One and another came in, and conversation was lively, when Mr. Hermann was announced.

It was now Grace's turn to be embarrassed. As the two were known to be friendly, they were soon chatting in the bay window in the coziest manner.

Mr. Hermann was too much of a gentleman to make use of a quid. He simply placed a bit of tobacco in his mouth, and used it as one does a globule. So he talked and nibbled, and nibbled and talked, until, in a moment of forgetfulness, he ejected the accumulating saliva through the open window.

A fresh breeze was stealing up from the river just then, and bore it back directly upon Grace's parted lips. At that moment Grace's eyes dashed toward Alice, who was regarding her sister with quizzical satisfaction.

Mr. Hermann was never aware of what happened. He only knew that he never could have a cozy chat with Grace after that interview. He is trying to solve the problem of his disappointment, to this day, and had nibbled innumerable pounds of tobacco in the vain attempt to understand why Grace should have cut such a nice young man!

The person who had been seen to ride by the house so often, at last found opportunity to enter. He was quiet, respectful, and never at a loss for cultivated topics of conversation. His breath, when he spoke, did not taint the atmosphere. It was a pleasure to look at the wholesome mouth and polished teeth which gave utterance to his ideas; and there was a straightforward, manly, honest look about the whole face, as if the man's conscience was clean, too!

There was no need of a spittoon for this young gentleman's entertainment. Whether he read, or sang, or conversed, there was a dignity and appropriateness in all he did, that made him a favorite with young and old.
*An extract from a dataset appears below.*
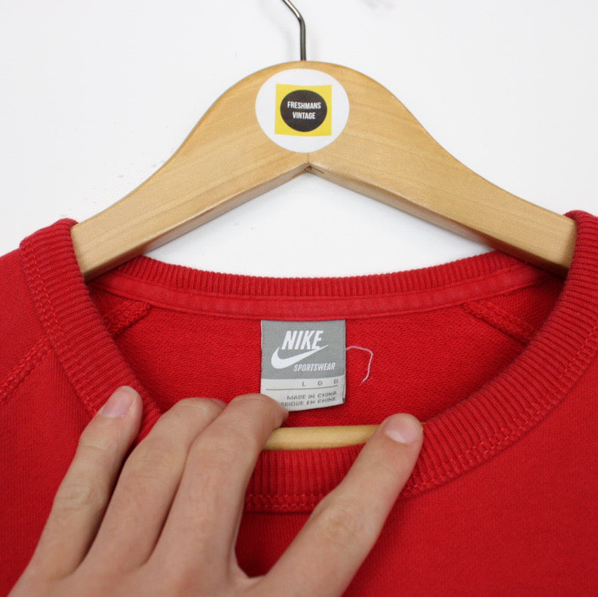 Vintage 00's Nike Red and White Crew Neck Spellout Sweatshirt Jumper Size on label: Women's Large Our recommended size: Women's Large Pit to pit (inches): 20 Length (inches): 26 All products listed are vintage unless stated otherwise in the description. These items are pre-loved and pre-worn, resulting in small signs of wear and sometimes minor flaws. We think this adds to their unique authenticity, but if an item has any bigger flaws these will be stated. Please contact us if you have any further questions!

The young men we have cited were representative youths, and it will not require much reflection for the reader to decide to which class he belongs. If not to the latter, he is to be commiserated, for he will eventurally regret his own folly more deeply than others can regret it for him.
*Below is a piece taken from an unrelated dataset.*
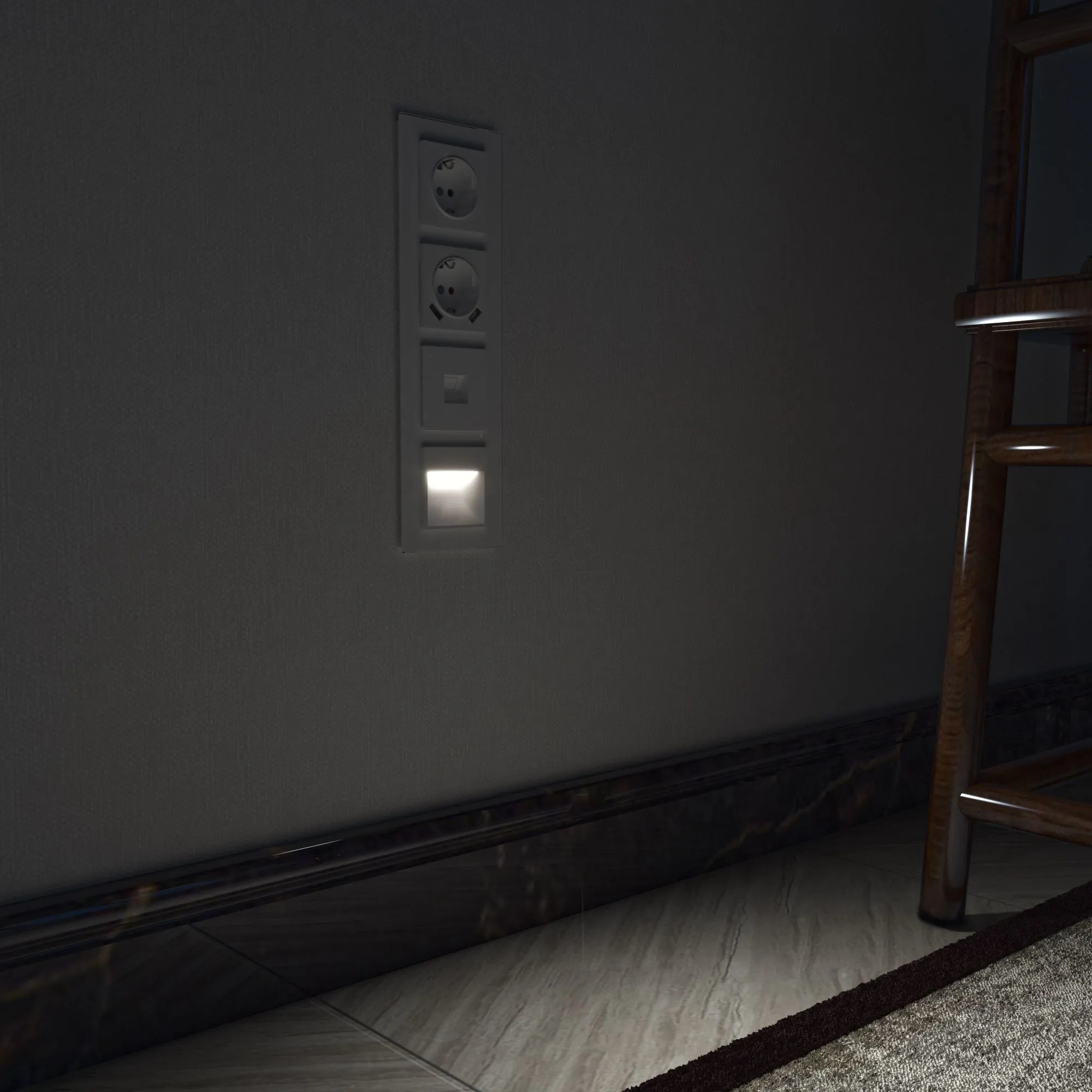 Подсветку можно легко установить в стандартную монтажную коробку, она совместима со всеми рамками коллекции Werkel и не требует специальных навыков для подключения. Эргономичное освещение подходит для ступеней лестниц, коридоров, а также может использоваться в зонах рядом с кроватями и рабочими местами на кухне.

We never knew exactly what became of the spittoon left on the grass plat, but it certainly never found its way back to Mrs. Hall's parlors. Tobacco chewers came to be shy about taking their quids with them when they went to call upon the ladies there.

On one occasion the missing article was alluded to, and an expression of public opinion called for.
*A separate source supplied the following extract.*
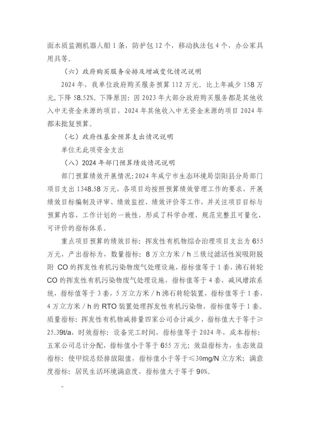 咸宁市生态环境局崇阳县分局2024年部门预算公开说明

"Well, what is a feller to do, who uses the parlor, like this?" asked Mr. Snip, putting his thumbs into his vest pockets, and leering toward Miss Alice, as he shifted his quid from one cheek to the other.

"He would be likely to feel like a pig in a strange pen" was the saucy answer.

"But suppose a gentleman comes in here"...

"Excuse me for interrupting you, but allow me to say, Mr. Snip, that no gentleman ever has or ever will come into this parlor with tobacco in his mouth."

Mr Snip subsided.

Mrs. Hall said, when she reflected upon the subject that, "if no accommodations were made for the indulgence of bad manners in private parlors, she was certain gentlemen would be more careful and thoughtful about their habits: and, for her part, she never again would tempt young men to enter her parlors with quids, by keeping there any thing that served as a spittoon."

"Miss Alice is a pretty creachoir," drawled Mr. Snip, as he drew on his gloves in the hall, "but, zounds! don't she slap a feller right in the face...ah!

" A fellow deserves to be slapped in the face, that cannot open his jaws without salivating himself," was the curt reply.